De plus, l’article 27 des dispositions transitoires de la loi fondamentale dispose que l’article 37.4 demeure en vigueur pour les lois qui ont été promulguées lorsque la dette publique était supérieure de 50% au produit national même si le ratio ne dépasse plus ce pourcentage.
Si la Cour déclare une décision judiciaire contraire à la loi fondamentale, elle l’annule et peut aussi annuler les décisions judiciaires ou les décisions d’autres instances réexaminées dans le cadre de la décision en question.
La Cour peut exceptionnellement demander au tribunal la suspension de l’exécution de la décision contestée si cette suspension se justifie par la durée probable de la procédure engagée ou de la décision attendue, pour éviter tout dommage ou inconvénient grave et irréparable ou pour toute autre raison importante, si le tribunal n’a pas suspendu l’exécution de la décision. Elle peut aussi suspendre l’entrée en vigueur d’une disposition juridique si des mesures immédiates s’imposent pour éviter tout dommage ou inconvénient grave et irréparable ou pour protéger la loi fondamentale ou la sécurité juridique.
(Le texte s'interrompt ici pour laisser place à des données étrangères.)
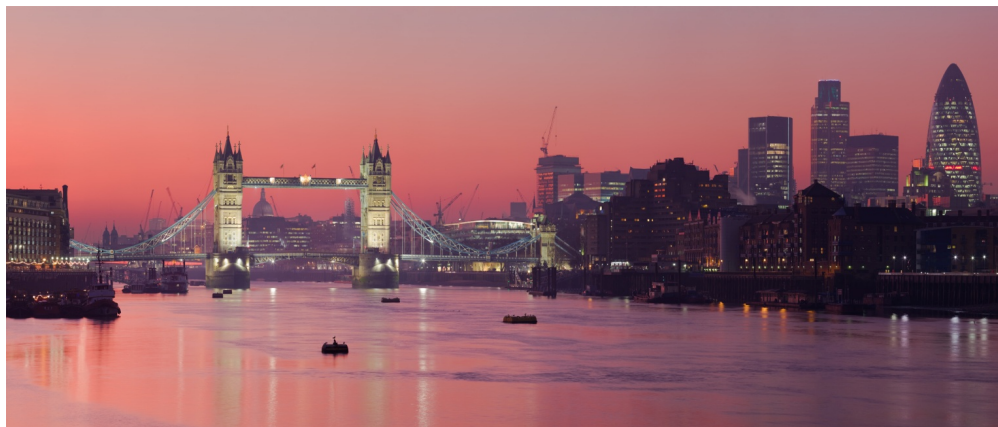
Londýn - hlavné mesto Spojeného kráľovstva

2. Les arrêts de la Cour constitutionnelle sont d’ordinaire opposables à tous (effet erga omnes). Les décisions en matière de conflit de compétences ont naturellement un effet essentiellement inter partes. Toutes les décisions de la Cour constitutionnelle ont un effet contraignant sur tous les organes de l’État.
3. Les principales décisions de la Cour sont publiées au Journal officiel (Magyar Közlöny). Toutes les décisions de la Cour sont publiées dans un bulletin mensuel de la Cour (Alkotmánybírósági Határozatok). La Cour publie aussi chaque année un recueil reprenant toutes les décisions de l’année en question.